Taking a nonmedication approach, other investigators found that a minimally invasive outpatient surgery called duodenal mucosal resurfacing improves markers of both NASH and diabetes among people with both conditions. Clinicians insert a catheter down the esophagus and to the duodenum, which is the first part of the small intestine past the stomach, where they conduct a procedure meant to promote healthy growth of the organ’s lining. The goal is to reduce insulin resistance and excess insulin in the blood.
In the absence of good medical treatments, weight loss remains a mainstay of fatty liver disease management. However, a study found that people with fatty liver disease may have more trouble losing weight than others.
As for liver cancer treatment, a mid-stage clinical trial found that the combination of Opdivo (nivolumab) plus Yervoy (ipilimumab) improved outcomes among those with an advanced stage of the malignancy.
An analysis of deaths related to global liver disease found that while cirrhosis remains the primary direct cause of such mortality, liver cancer drove a greater than 10% five-year increase in the annual rate of such deaths. Liver cancer is largely caused by HBV, HCV, NASH and alcohol-related liver disease.

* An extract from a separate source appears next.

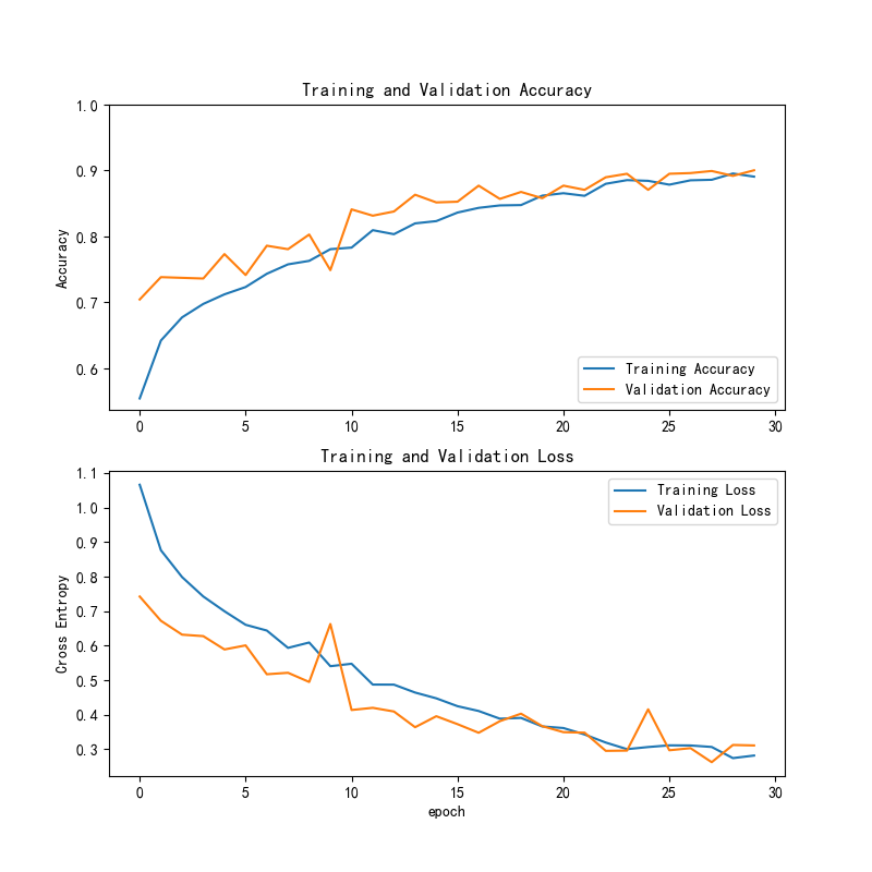 该图展示了模型在训练和验证过程中的准确率和损失变化。训练准确率稳步上升,接近 90%,而验证准确率也随之提高,显示出模型在不同数据集上的良好适应性。训练损失和验证损失均呈下降趋势,表明模型在训练过程中有效地减少了误差,并且未发生明显的过拟合现象。这表明模型具有较强的泛化能力,能够在未见数据上保持较好的表现。

Among those with a history of liver cancer who receive a liver transplant, women have a lower risk of recurrence of the disease and tend to survive longer than men.
Quitting or refraining from smoking, eating a healthy diet, drinking little or no alcohol, exercising and achieving or maintaining a healthy weight are all associated with a lower risk of liver cancer and liver-related mortality. In fact, following these healthy lifestyle guidelines could prevent the majority of such deaths.
When people who inject drugs are cured of HCV, the highest rate of reinfection with the virus is seen among young men. That said, research indicates that medication-assisted treatment for opioid use disorder can greatly mitigate reinfection risk.
With the opioid epidemic causing a surge of new HCV cases among young people, a survey conducted in California found that members of this population were often unaware of the risks for the virus upon receiving a diagnosis.
A mid-stage trial of DUR-928, an experimental treatment for alcoholic hepatitis, found the drug was associated with numerous positive outcomes, including lower biomarkers tied to poor health outcomes as well as a 100% 28-day survival rate.
A pair of studies found that bacteriophage therapy, or the use of bacteria-killing viruses, showed promise as treatment for alcoholic hepatitis and primary sclerosing cholangitis, a rare liver disease characterized by liver inflammation and fibrosis within the bile ducts of the liver.